Women in the Mughal court



By Hafizur Rahman


THIS is the story of three royal ladies — Mughal King Akbar Shah’s mother Qudsia Begum, his favourite wife Mumtaz Mahal and paternal aunt Daulat-un-Nisa Begum — and how they tried to influence the nominal monarch’s dealings with the British, and might have succeeded had they not been confounded by intrigues in the Red Fort itself.

The scene is set in 1811, when Charles Metcalfe was appointed Resident to the Mughal Court in Delhi by Governor General Lord Minto. Delhi was then the frontier capital of British India, a watchtower surveying the kingdom, and the centre of a great web of imperial diplomacy that stretched into Punjab, Rajputana, Nepal and beyond, right into the states of Central Asia.

As Resident, Metcalfe was very much on his own in an office where precedent was useless and his decision was all-important. According to historian Michael Edwardes, the British in India at that time were unfettered by regulations from higher authorities, except in general outlines of policy. In this atmosphere, Metcalfe had to deal somehow with a shadowy king in whose name he administered the vast Delhi territory. The king was willy nilly content with being a pensioner, maintained by the British out of sentiment but ignored out of policy. Such an attitude was, however, quite alien to the Indian political consciousness. As long as the king lived in his palace — pensioner or not, with or without real power — the dignity of his position somehow remained untarnished.

The actual position of the Red Fort was miserable in the extreme. Little could be done, since there was no money to keep the vast number of buildings in a state of repair. Another heavy load on the pension was an immense number of imperial poor relations and descendants of past emperors, salateen, who were incapable of making a living for themselves, existing in a half-starved and half-naked condition. This the reader must know to understand the story of this “little-known episode from history.”

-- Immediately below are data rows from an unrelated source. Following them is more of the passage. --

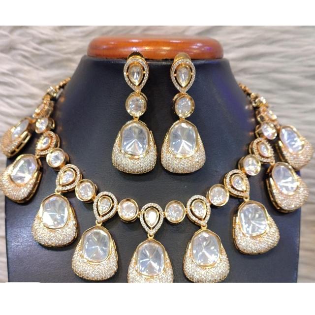 Elegant Best Quality Gold Plated Kundan Stones Look Necklace Set With Earrings Indian Wedding Party Wear Collection or Women
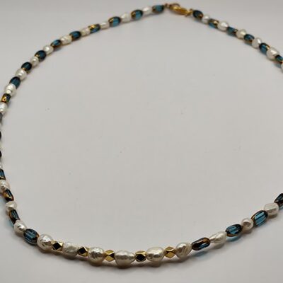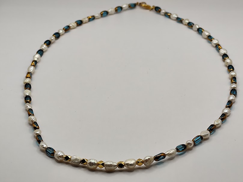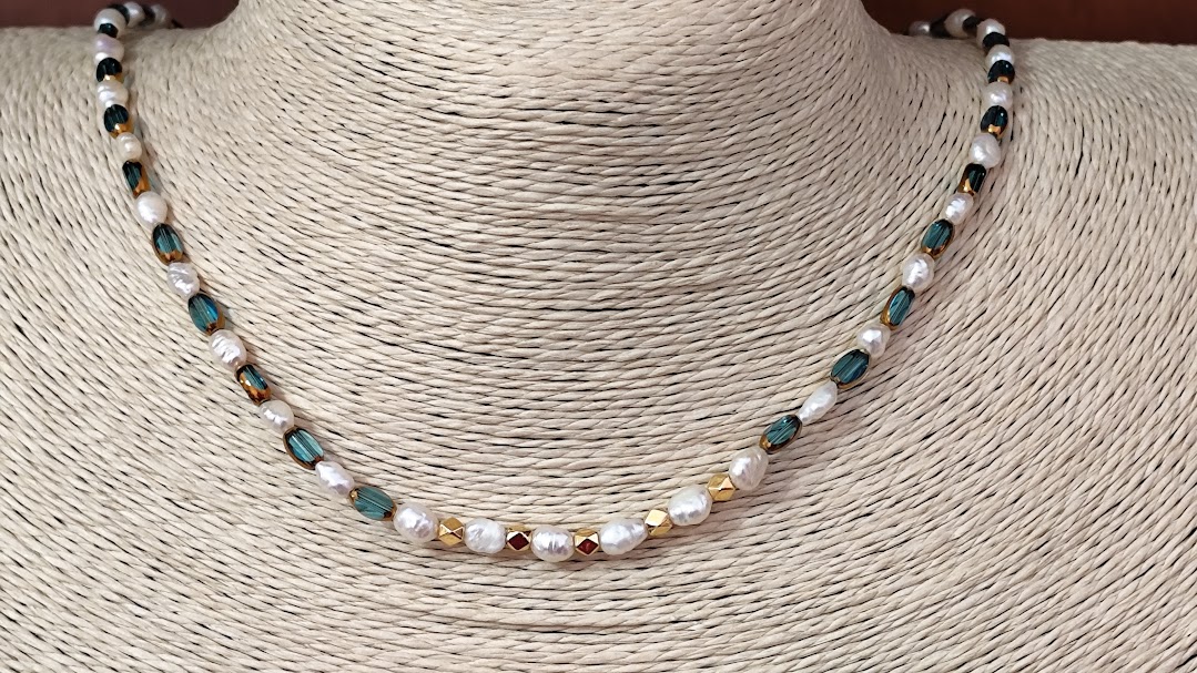 Χειροποίητο κολιέ δίχρωμο, φτιαγμένο με κρύσταλλους με χρυσή λεπτομέρεια και μαργαριτάρια.
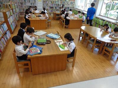 2年生以上の教室では、教科の授業を受けている子供たち、学級の目標を話し合っている子供たちの姿を見ることができました。6年生になると、ノートに黒板に書かれたことを素早く書き写しながら自分の考えを深めたら、話し合ったりしていました。図書室では、図書室の利用の仕方を確認した後、静かに読書する姿を見ました。マナーがしっかりと身についています。
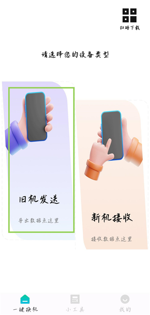 旧手机选择“旧手机发送”或“备份模式”。
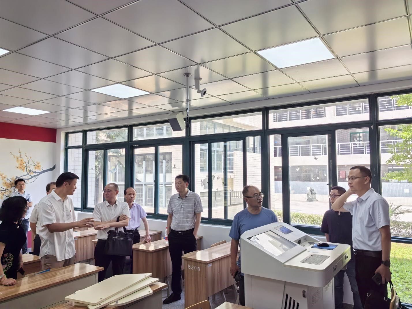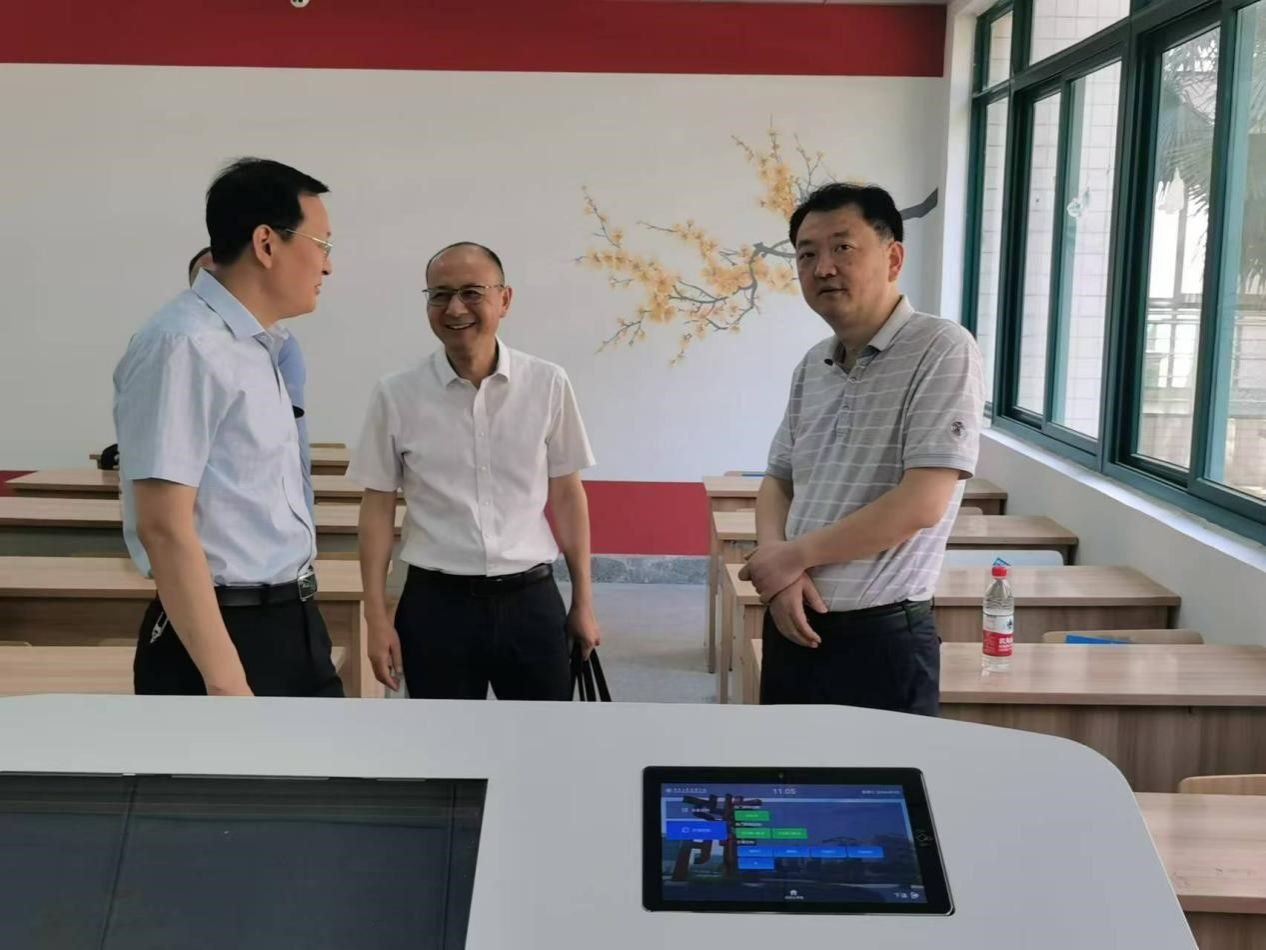 张志刚一行实地考察了学校的常态化智慧教室,并针对传统中控管理、物联管控、电子班牌等方面进行了详细的了解。双方从智慧教室的设备管控、扩声、显示、教师使用等方面进行深入交流。张志刚对我校教学信息化建设表示由衷赞赏,对我校的热情接待表示衷心感谢,同时也希望能加大互访交流,共促学校高质量发展。
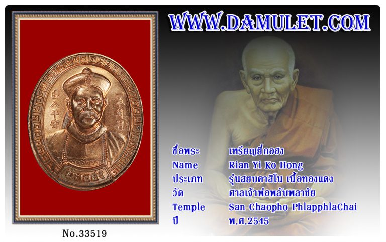 เหรียญยี่กอฮก ศาลเจ้าพ่อพลับพลาชัย พ.ศ.2545

Akbar Shah was constantly trying to squeeze more out of the British and rarely succeeded. He was assisted in this exercise by the three ladies mentioned in the beginning. All three would attend his talks with the Resident, sitting behind a large curtain. They did more than talk, for they were deeply interested in the matter of succession to the throne. It was Mumtaz Mahal’s desire that her son, Mirza Jahangir, should be named heir apparent. He was Akbar Shah’s third son. The British, following their own custom, preferred the eldest, but the Mughals had never subscribed to the law of primogeniture, and the king wanted recognition of his right to nominate his successor.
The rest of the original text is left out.